Directions — For each entry, restate it word for word while omitting any image it holds.
◆ ◆ ◆ ◆
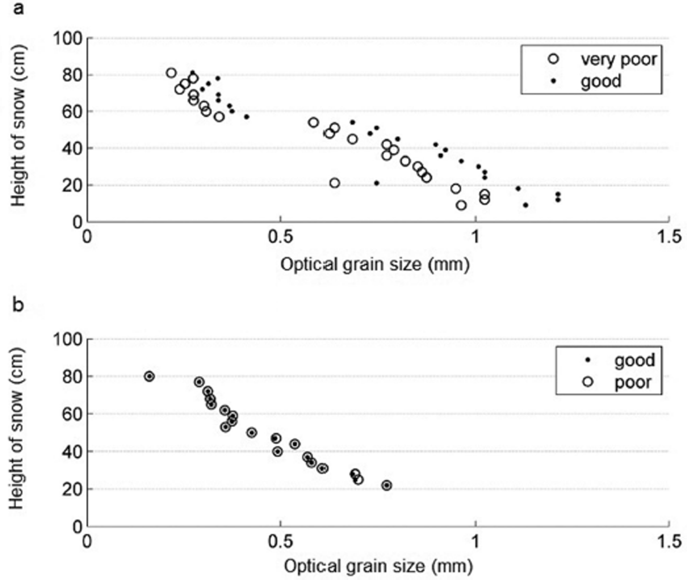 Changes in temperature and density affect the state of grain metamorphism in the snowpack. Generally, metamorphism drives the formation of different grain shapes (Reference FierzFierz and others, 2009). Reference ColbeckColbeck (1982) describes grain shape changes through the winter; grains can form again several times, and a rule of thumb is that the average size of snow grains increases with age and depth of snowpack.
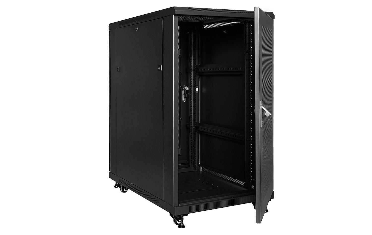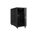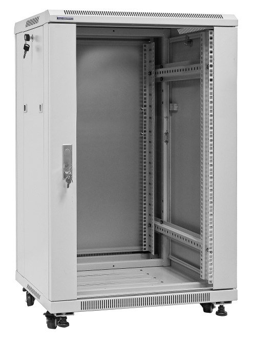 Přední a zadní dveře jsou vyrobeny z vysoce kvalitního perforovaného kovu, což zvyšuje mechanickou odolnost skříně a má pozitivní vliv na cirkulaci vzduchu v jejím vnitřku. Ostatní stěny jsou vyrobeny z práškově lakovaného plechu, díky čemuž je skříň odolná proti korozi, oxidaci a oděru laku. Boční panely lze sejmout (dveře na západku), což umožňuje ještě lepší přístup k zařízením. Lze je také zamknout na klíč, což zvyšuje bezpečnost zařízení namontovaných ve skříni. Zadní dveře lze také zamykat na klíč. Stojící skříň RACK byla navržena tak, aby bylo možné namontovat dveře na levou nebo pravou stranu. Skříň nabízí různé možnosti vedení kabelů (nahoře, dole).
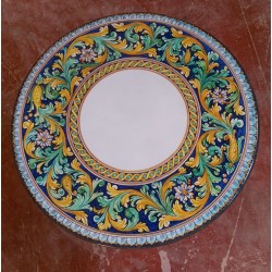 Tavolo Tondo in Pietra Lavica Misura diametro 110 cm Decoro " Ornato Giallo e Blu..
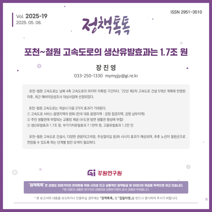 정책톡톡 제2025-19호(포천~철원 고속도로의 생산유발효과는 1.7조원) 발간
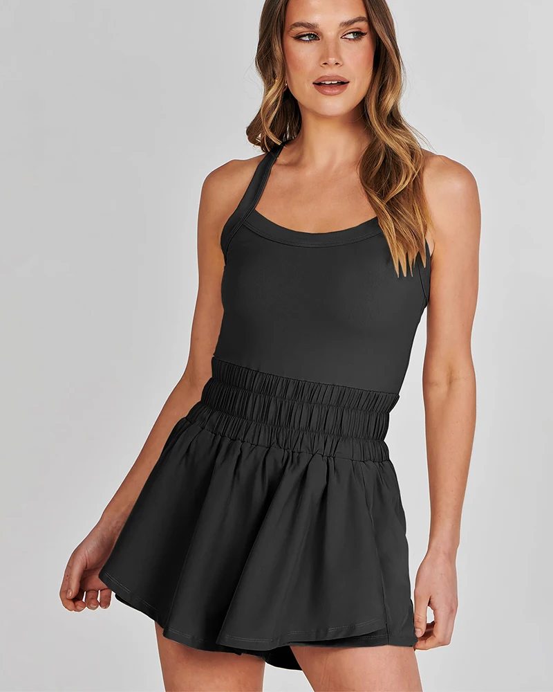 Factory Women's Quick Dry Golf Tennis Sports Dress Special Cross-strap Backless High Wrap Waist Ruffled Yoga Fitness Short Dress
◆ ◆ ◆ ◆
Response area —
 Changes in temperature and density affect the state of grain metamorphism in the snowpack. Generally, metamorphism drives the formation of different grain shapes (Reference FierzFierz and others, 2009). Reference ColbeckColbeck (1982) describes grain shape changes through the winter; grains can form again several times, and a rule of thumb is that the average size of snow grains increases with age and depth of snowpack.
 Přední a zadní dveře jsou vyrobeny z vysoce kvalitního perforovaného kovu, což zvyšuje mechanickou odolnost skříně a má pozitivní vliv na cirkulaci vzduchu v jejím vnitřku. Ostatní stěny jsou vyrobeny z práškově lakovaného plechu, díky čemuž je skříň odolná proti korozi, oxidaci a oděru laku. Boční panely lze sejmout (dveře na západku), což umožňuje ještě lepší přístup k zařízením. Lze je také zamknout na klíč, což zvyšuje bezpečnost zařízení namontovaných ve skříni. Zadní dveře lze také zamykat na klíč. Stojící skříň RACK byla navržena tak, aby bylo možné namontovat dveře na levou nebo pravou stranu. Skříň nabízí různé možnosti vedení kabelů (nahoře, dole).
 Tavolo Tondo in Pietra Lavica Misura diametro 110 cm Decoro " Ornato Giallo e Blu..
 정책톡톡 제2025-19호(포천~철원 고속도로의 생산유발효과는 1.7조원) 발간
 Factory Women's Quick Dry Golf Tennis Sports Dress Special Cross-strap Backless High Wrap Waist Ruffled Yoga Fitness Short Dress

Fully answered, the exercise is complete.